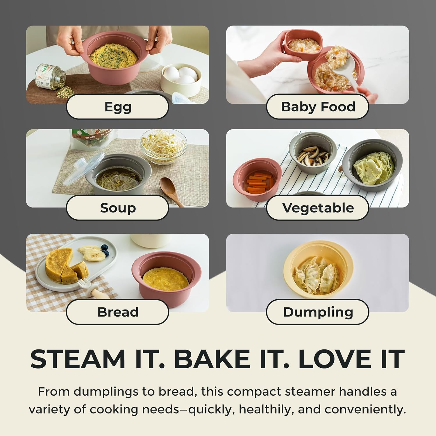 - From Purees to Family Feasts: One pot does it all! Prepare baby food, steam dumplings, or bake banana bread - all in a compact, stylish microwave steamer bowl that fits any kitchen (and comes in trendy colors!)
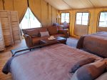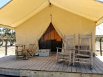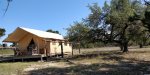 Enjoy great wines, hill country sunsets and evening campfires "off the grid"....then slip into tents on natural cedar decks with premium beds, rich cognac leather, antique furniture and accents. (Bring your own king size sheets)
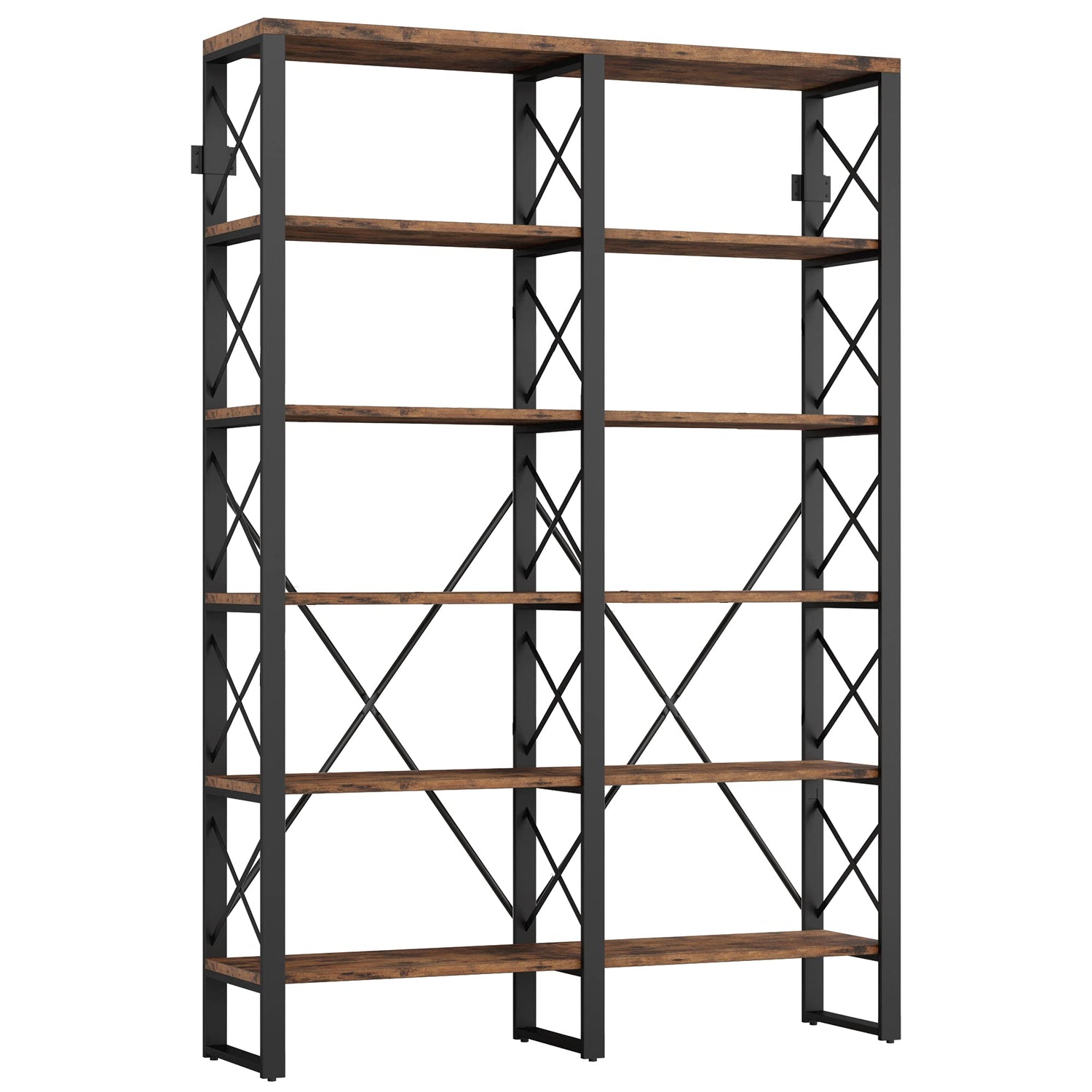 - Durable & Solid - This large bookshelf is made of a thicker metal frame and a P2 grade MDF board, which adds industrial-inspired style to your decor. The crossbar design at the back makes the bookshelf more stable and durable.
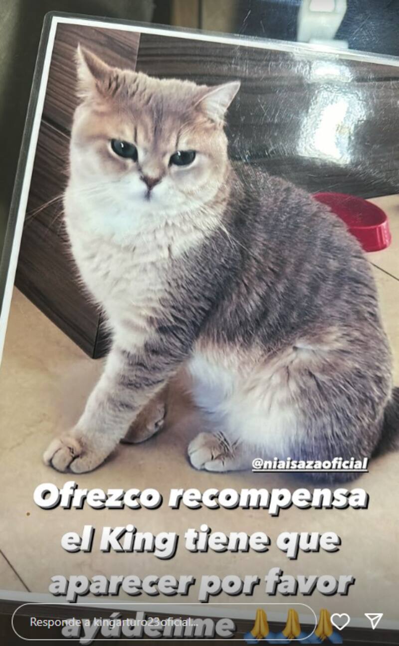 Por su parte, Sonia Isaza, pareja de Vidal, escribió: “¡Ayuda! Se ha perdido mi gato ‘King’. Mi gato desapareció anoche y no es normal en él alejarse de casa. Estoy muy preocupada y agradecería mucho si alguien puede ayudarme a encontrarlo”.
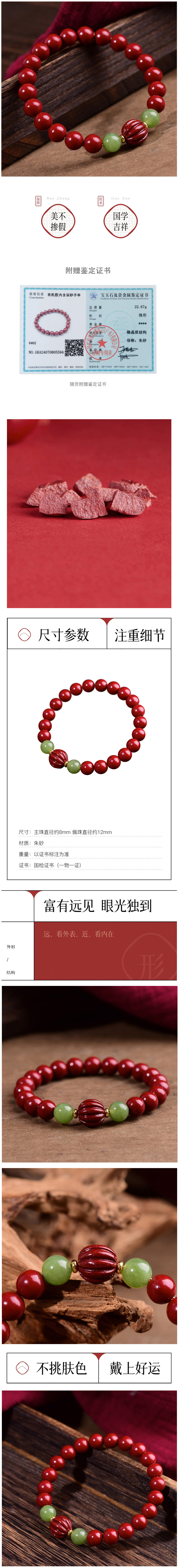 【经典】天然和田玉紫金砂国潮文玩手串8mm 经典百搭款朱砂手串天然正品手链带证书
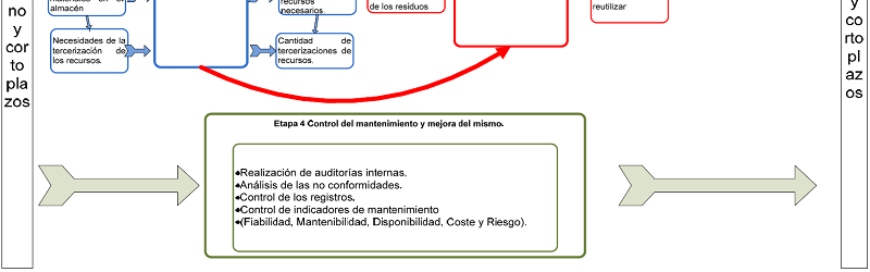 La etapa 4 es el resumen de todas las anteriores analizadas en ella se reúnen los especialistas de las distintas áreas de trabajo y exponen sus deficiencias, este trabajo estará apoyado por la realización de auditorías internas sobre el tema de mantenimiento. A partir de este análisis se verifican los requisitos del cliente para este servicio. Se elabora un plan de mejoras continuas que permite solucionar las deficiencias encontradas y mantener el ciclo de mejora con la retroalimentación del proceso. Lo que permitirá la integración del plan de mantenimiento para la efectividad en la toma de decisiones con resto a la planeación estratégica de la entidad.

* * *

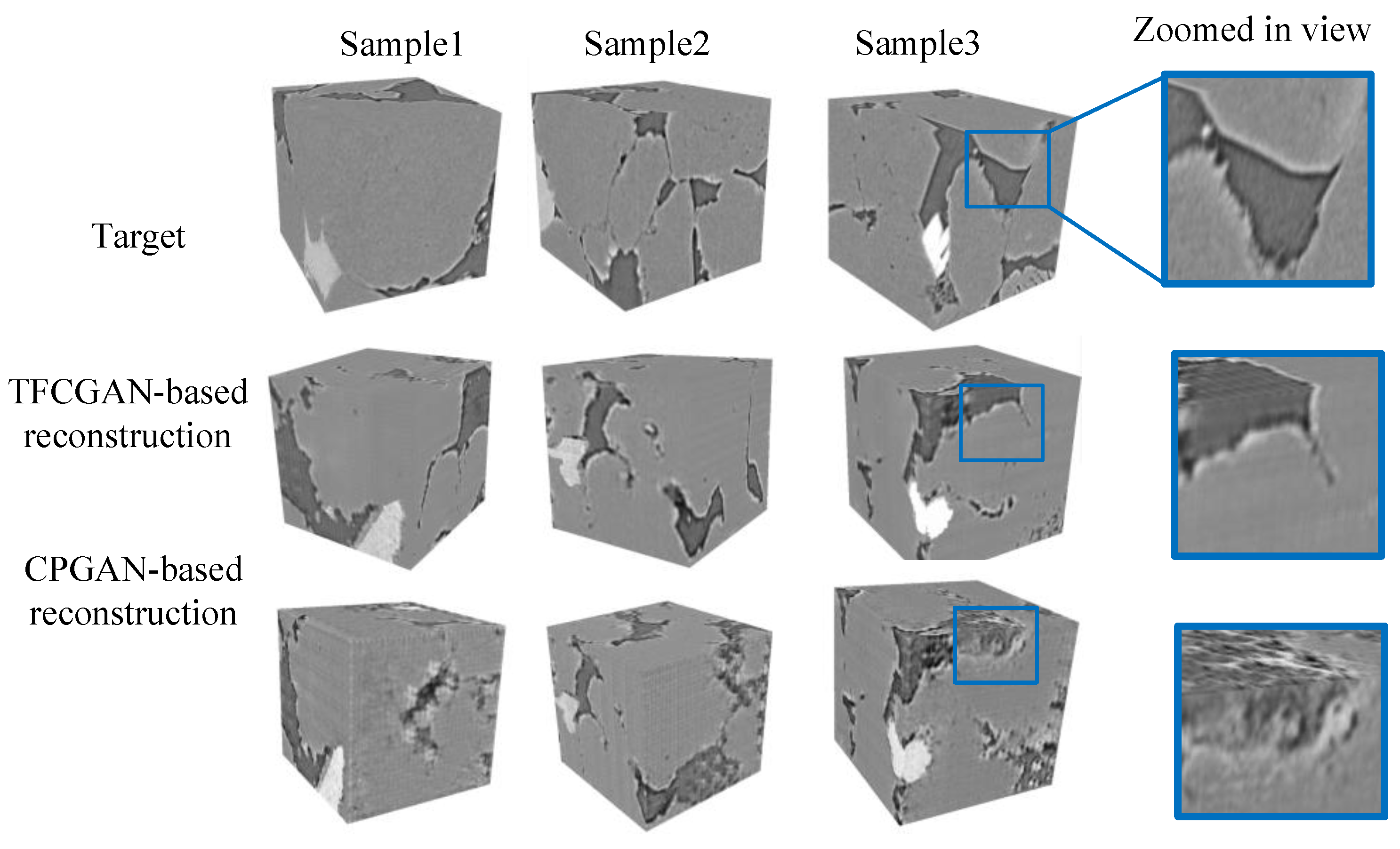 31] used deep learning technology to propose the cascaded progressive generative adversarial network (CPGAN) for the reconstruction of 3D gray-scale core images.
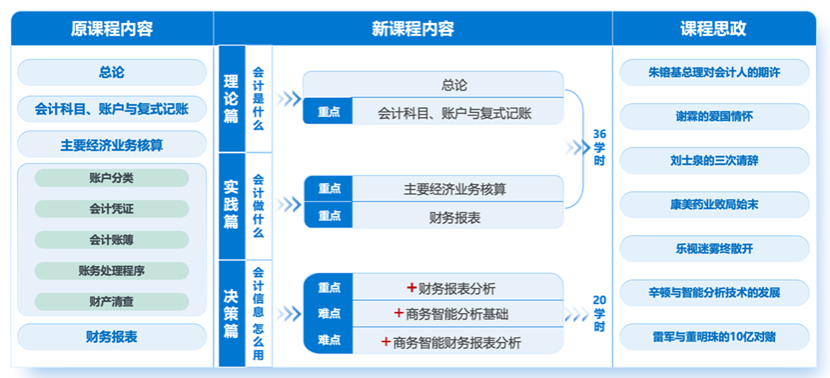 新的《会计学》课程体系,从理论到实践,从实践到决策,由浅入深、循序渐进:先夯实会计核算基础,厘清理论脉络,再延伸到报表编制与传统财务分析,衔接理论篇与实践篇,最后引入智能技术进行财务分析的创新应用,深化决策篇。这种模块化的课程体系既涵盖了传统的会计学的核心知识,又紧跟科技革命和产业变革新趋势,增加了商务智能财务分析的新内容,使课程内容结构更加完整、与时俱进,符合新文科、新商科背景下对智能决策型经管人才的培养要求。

WHAT YOU WILL DO>
From the material above, reproduce only what runs from the line holding "- From Purees" down to the line holding "Enjoy great wines, hill", both included, pictures excluded.

EXERCISE ANSWER>
 - From Purees to Family Feasts: One pot does it all! Prepare baby food, steam dumplings, or bake banana bread - all in a compact, stylish microwave steamer bowl that fits any kitchen (and comes in trendy colors!)
 Enjoy great wines, hill country sunsets and evening campfires "off the grid"....then slip into tents on natural cedar decks with premium beds, rich cognac leather, antique furniture and accents. (Bring your own king size sheets)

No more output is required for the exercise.